I.e. they actually define "punitive sentiment" to be an expression of evolved circuitry (by which they mean "genetically evolved circuitry"). This is clearly different from the way "punitive sentiment" is understood, which is any expression of wish to punish, independently of the underlying causes and mechanisms. In the rest of the paper, they take it for granted that what they see is a "punitive sentiment", which would be justified with the normal understanding, but not with their definition (because they don't show any evidence that it is evolved). Thus they use this bogus definition to "justify" the assumption of evolved circuitry, which they also take for granted in the rest of the paper.
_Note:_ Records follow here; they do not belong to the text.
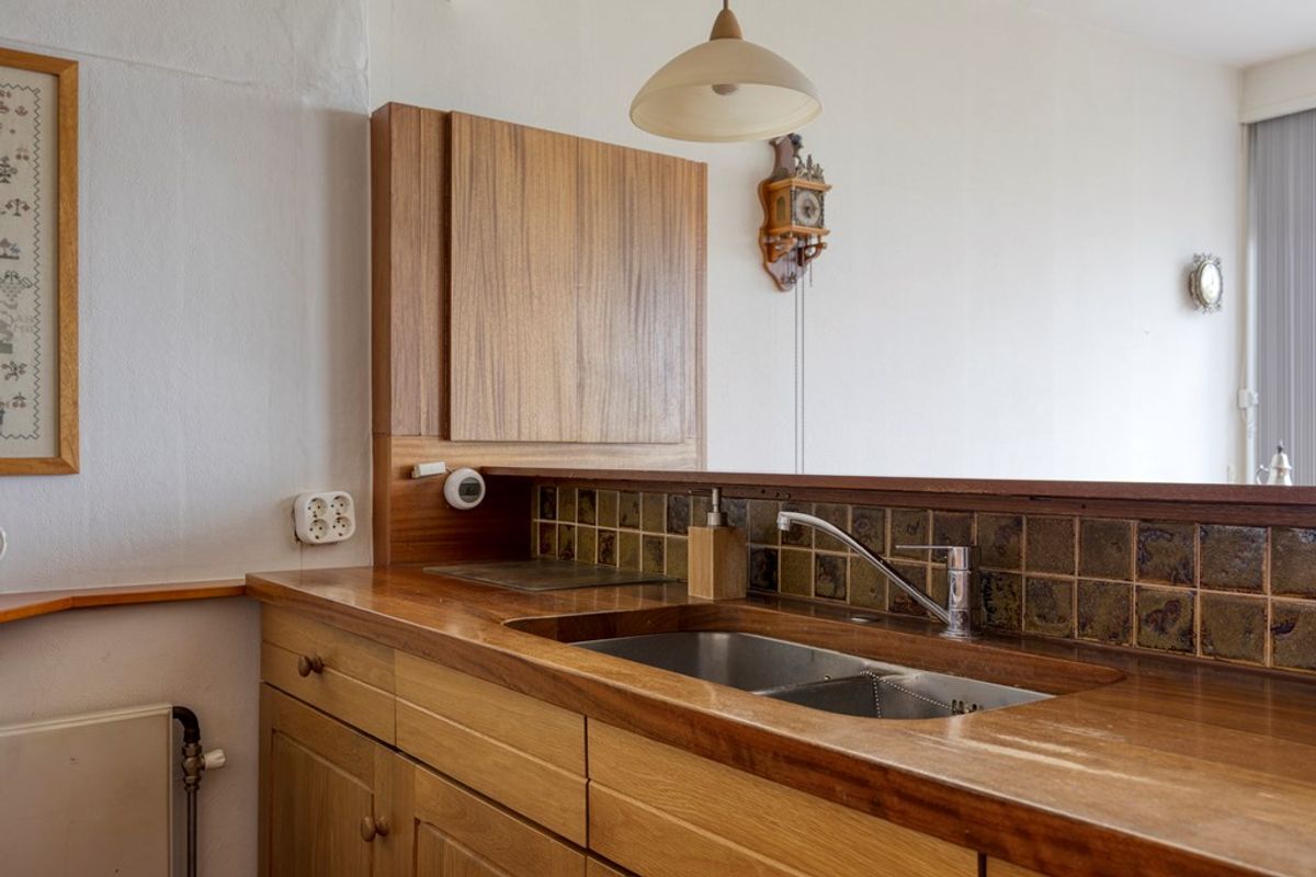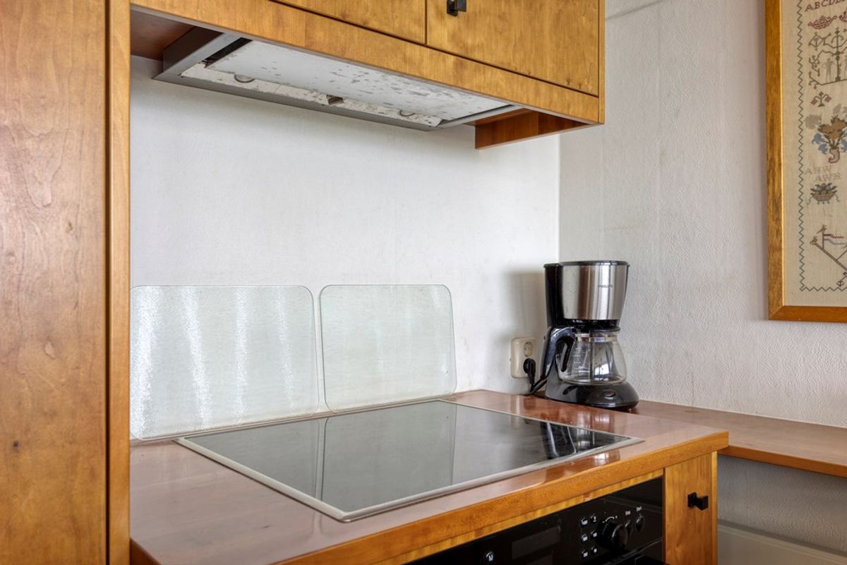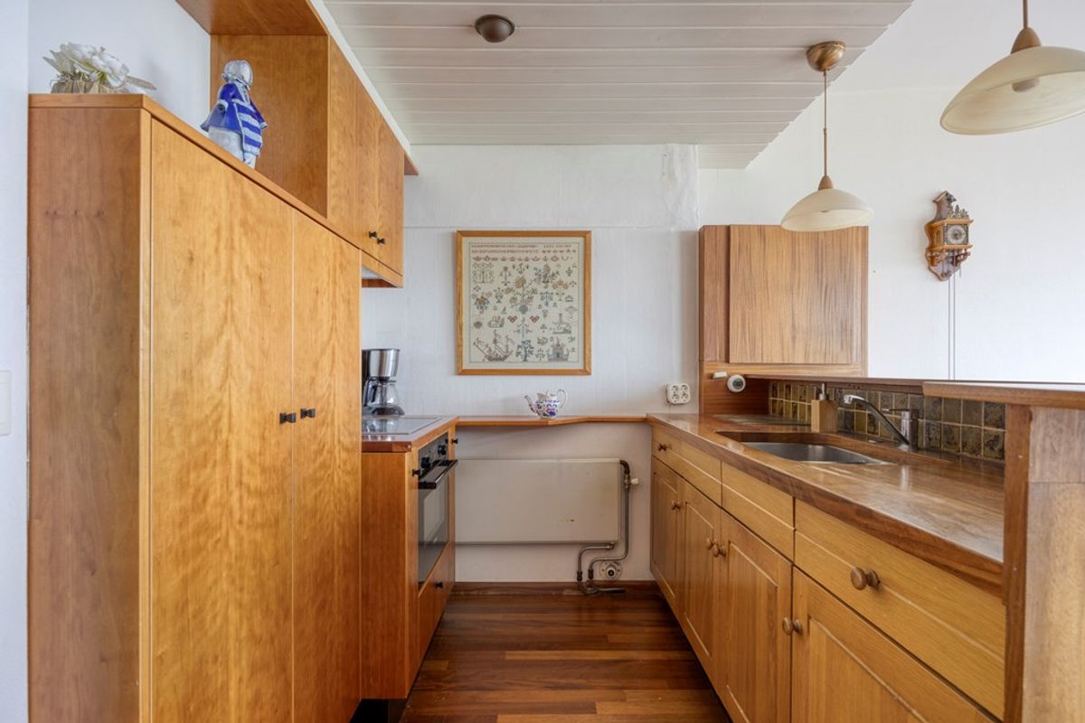 Aansluitend bevindt zich de open keuken, functioneel ingedeeld en voorzien van diverse kastruimte en apparatuur, te weten een inductiekookplaat, vlakschermafzuigkap en oven. De keuken kan indien gewenst gewijzigd worden, er is genoeg ruimte voor een moderne herinrichting.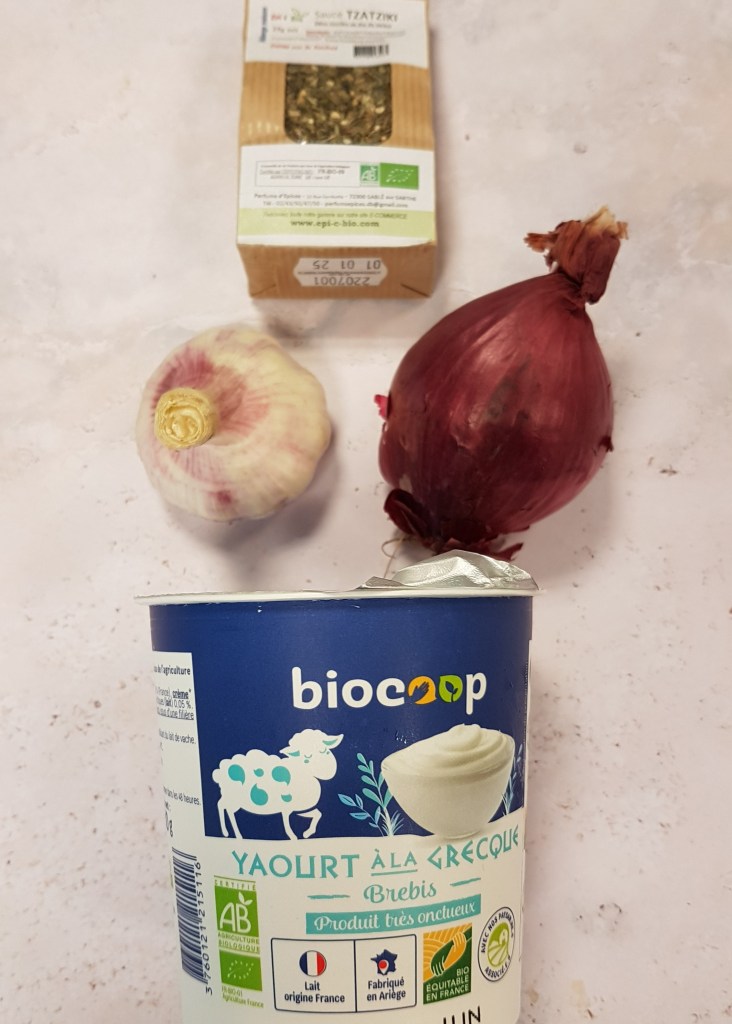 Cette sauce tzatziki au yaourt à la grecque est merveilleusement rélevée par l’oignon rouge ; à vous de doser la quantité souhaitée. J’aime particulièrement le mélange d’épices Epi’C bio qui contient de la menthe séchée qui et apporte de la fraicheur.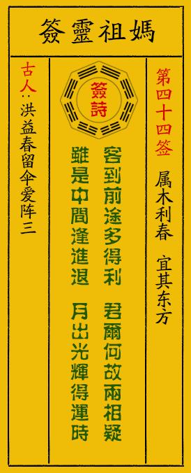 | 解曰 | 讨海:可能得利。 作塭:有获大利。 鱼苗:有利可得。 求财:渐利益亨可喜。 耕作:有利可得。 经商:大吉利市。 月令:待时可安。 六甲:弄瓦之庆。 婚姻:慢即可成。 家运:左右护持。 失物:月光在寅辰在。 寻人:月光在。 远信:速报好音。 六畜:可纳。 筑室:可居安乐。 移居:大吉。 坟墓:地气渐发财。 出外:一路春风。 行舟:大吉。 凡事:月光好。 治病:月光安运光彩。 作事:运至事成。 功名:必能得进。 官事:了钱月光完局。 家事:志气远大。 求儿:不可。 |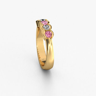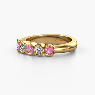 Dieser Ring wird Lotte 5 genannt. Er besteht aus 14 Karat Gold und ist mit 3 mm Pink Saphir besetzt. Suchen Sie nach einem einzigartigen Gold Ring mit modernem Aussehen? Dann ist das der perfekte Ring für Sie. Einfach nach Ihren Wünschen anpassen. Perfekt für eine moderne, zeitgenössische Frau! Dieser 5 Stone Ring ist mit atemberaubenden Pink Saphir geschmückt. Er wurde sorgfältig ausgewählt, weil Ihr Ring nur mit den schönsten Edelsteinen gekrönt sein soll. Unser erfahrener Goldschiede kreiert Ihren Ring in unserem eigenen Studio, wo der Pink Saphir mit großer Sorgfalt gesetzt wird. Der Ring wird dann perfekt poliert, um einen schönen Ring zu erhalten. Durch die Kombination modernster Technik mit uralter Handwerkskunst können wir alle Ringe in unserem eigenen Studio anfertigen. Jedes Schmuckstück wird auf Anfrage gefertigt. Das ist vorteilhaft, weil wir Ihnen dadurch einen Preis anbieten können, den Sie nirgendwo anders finden.Unser Team von talentierten, leidenschaftlichen Designern fügt unserer Online-Kollektion täglich neue Ring-Designs hinzu. Unser Ziel dabei ist es, Ihnen eine große Vielfalt an Schmuckstücken anbieten zu können. Bitte zögern Sie nicht, ein Angebot anzufordern, wenn Sie spezielle Wünsche für Ihren Ring haben. Wir garantieren Ihnen ein Angebot, das Sie nicht ablehnen können.Um es einfacher zu machen, bieten wir eine kostenlose 30-tägige Rücksendung.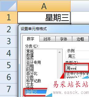 選中A1,鼠標(biāo)右鍵,選擇【設(shè)置單元格格式】,在【自定義】中輸入“周aaa”,這樣A1單元格將返回如“周三”這種表示方式。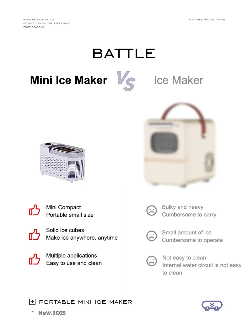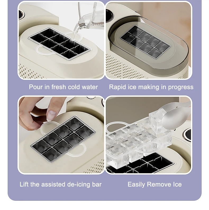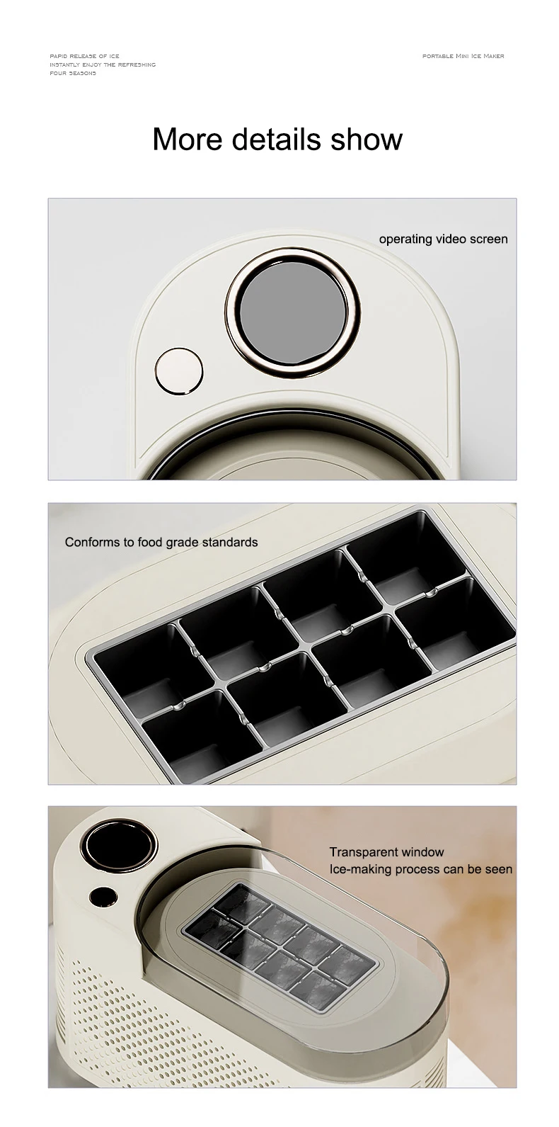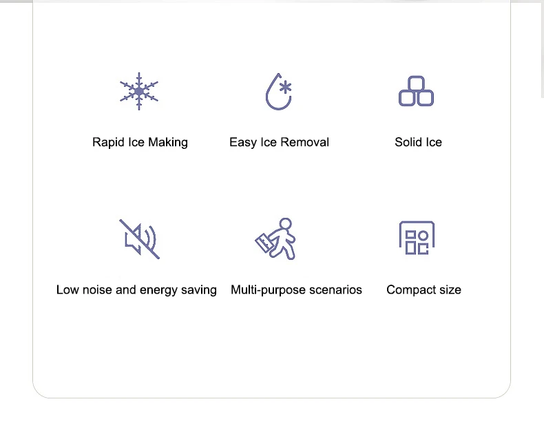 3. Applicable Occasions: Whether you are hosting a party, enjoying a cool drink at home, or need ice while camping, this desktop ice maker is your practical pick. Its high efficiency performance allows you to easily prepare iced beverages and keep snacks cool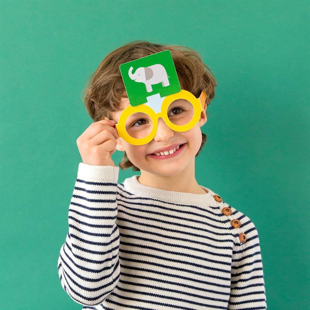 Bevat 4 kaartbrillen in 2 maten, 1 timer en 50 kleurrijke objectkaarten.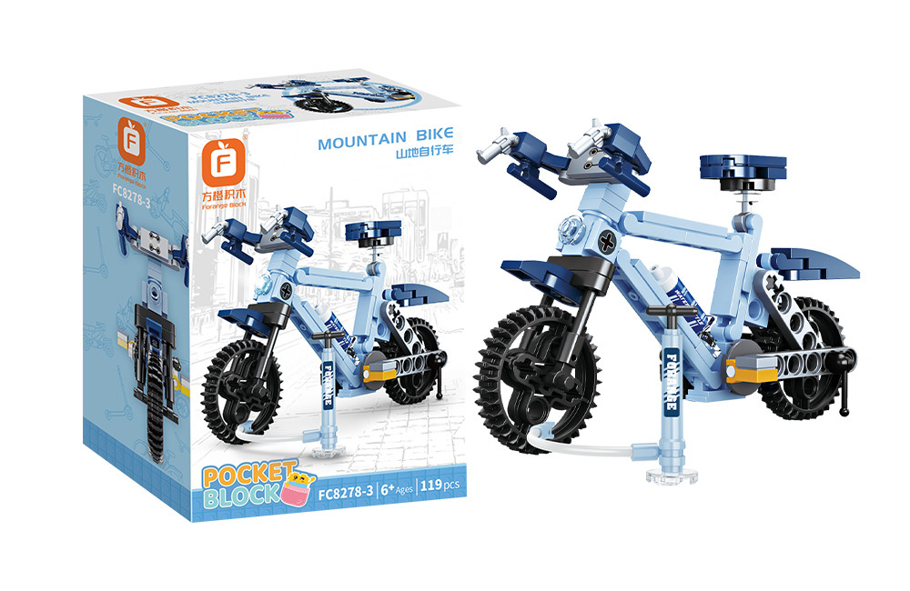 لگو دوچرخه کوهستان آبی Vehicle Mountain Bike FC8278-3 یک مدل جذاب و فانتزی از سری وسایل نقلیه فورنج بلاک است که شامل ۱۱۹ قطعه با رنگ آبی می‌شود و یک تلمبه لگویی کوچک نیز همراه آن ارائه شده است. طراحی دقیق چرخ‌ها، فرمان و بدنه، تجربه مونتاژ و بازی واقعی یک دوچرخه کوهستان کوچک را فراهم می‌کند. این لگو علاوه بر سرگرمی و بازی، می‌تواند به‌عنوان قطعه دکوری فانتزی روی میز یا ویترین استفاده شود. مونتاژ این مدل باعث تقویت تمرکز، صبر و مهارت‌های دست‌ورزی کودکان و بزرگسالان می‌شود و تجربه آموزشی همراه با تفریح را ارائه می‌دهد.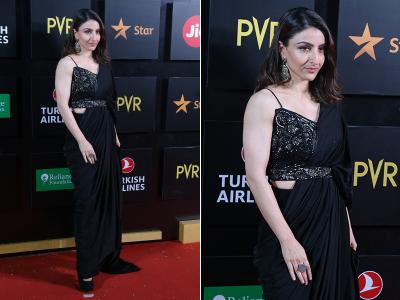 सोहा अली खान ब्लैक ड्रेस में ग्लैमरस अंदाज में दिखीं।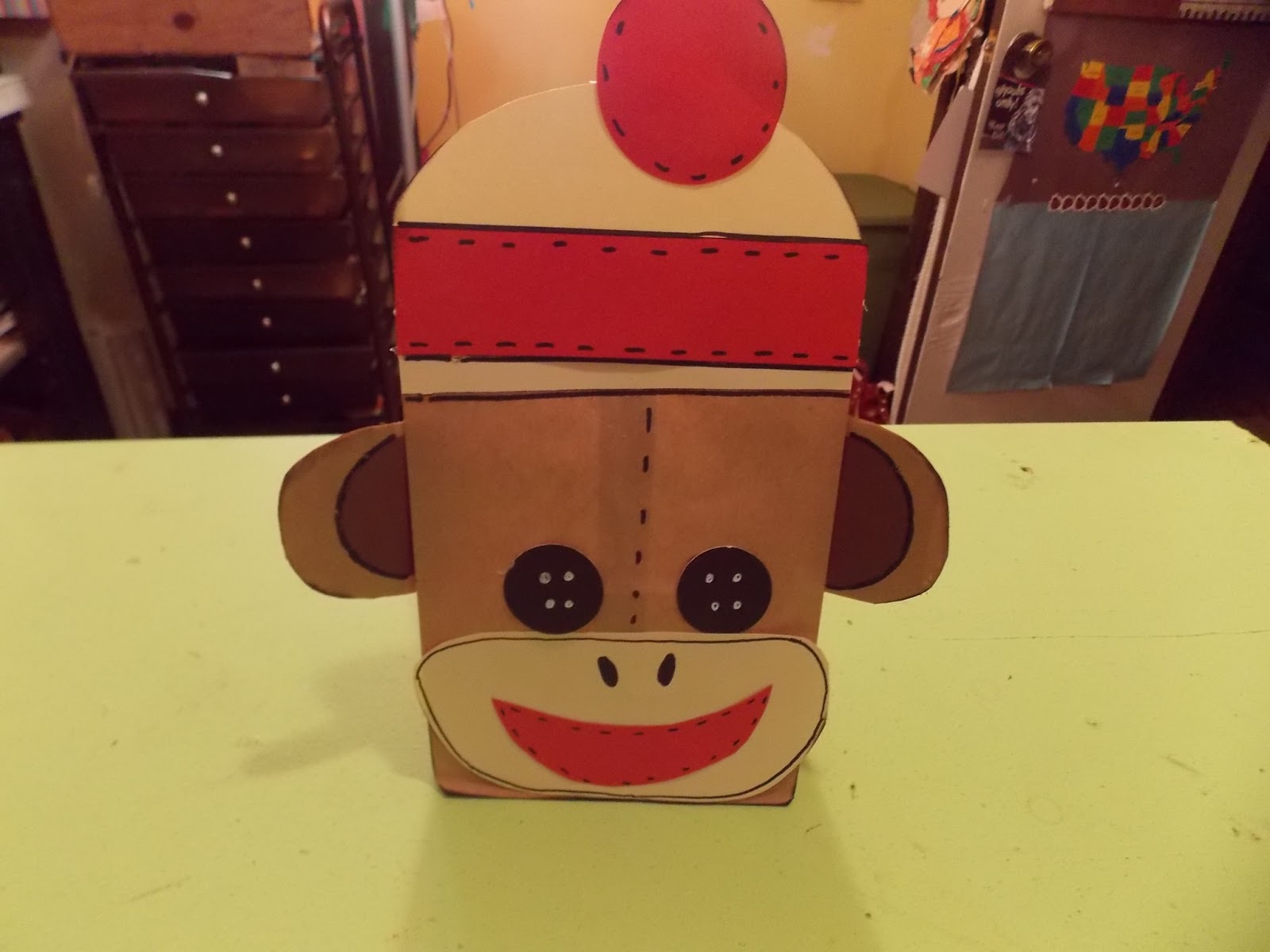 sock monkey favor bags made out of paper sacks, super easy and fun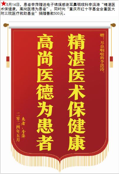 患者李萍赠送电子锦旗感谢耳鼻咽喉科李洪涛,并向医疗救助基金捐赠善款500元。-锦旗-患者心声-患者服务-重庆医科大学附属第三医院【官方网站】
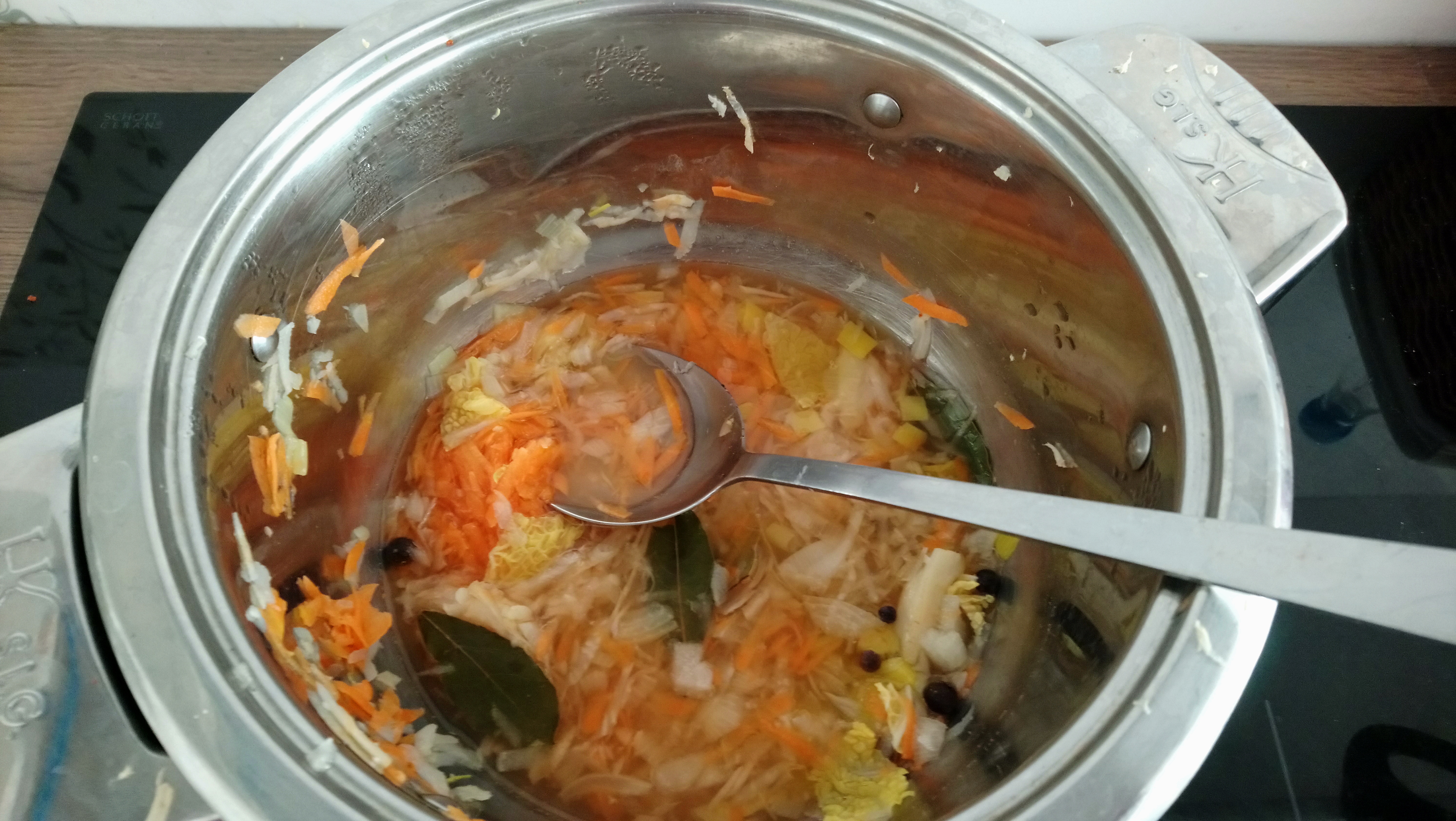 - 1 duża marchewka [tu się ucieszyłam, bo miałam nawet więcej niż jedną + pietruszkę, seler, por, no i jeszcze po kawałku cebuli i kapusty wloskiej :P]

The total avoidance of any mention of learning and taking evolved cicuitry for granted are a typical approach in evolutionary psychology. It is quite effective, because readers of this kind of paper get the impression that existence of the evolved circuitry have actually been established. In effect, it is an extended example of the lying by implication maneuver. This is the most significant point of this paper.

In addition to the major maneuver, the paper also contain several logical mistakes.

  1. On p209 :
    (a) If encouraging participation by otherwise reluctant individuals is one adaptive function of a system that causes punitive sentiments toward nonparticipants, then those who are most likely to benefit from the achievement of a group goal should differentially act to induce others to achieve this goal (e.g. Alexander, 1987, pp. 191-192; Irons, 1991; Cronk, 1994).
    This is true in principle, but evolution does not necessarily does what it should, and in many cases it achieves some effect without doing it in what looks to us as the optimal way. This can be either because evolution didn't happen to have the right mutations, or because achieving the optimal state on behavioural grounds involves costs that make it non-optimal overall. Large portion of the following discussion is based on this logical error.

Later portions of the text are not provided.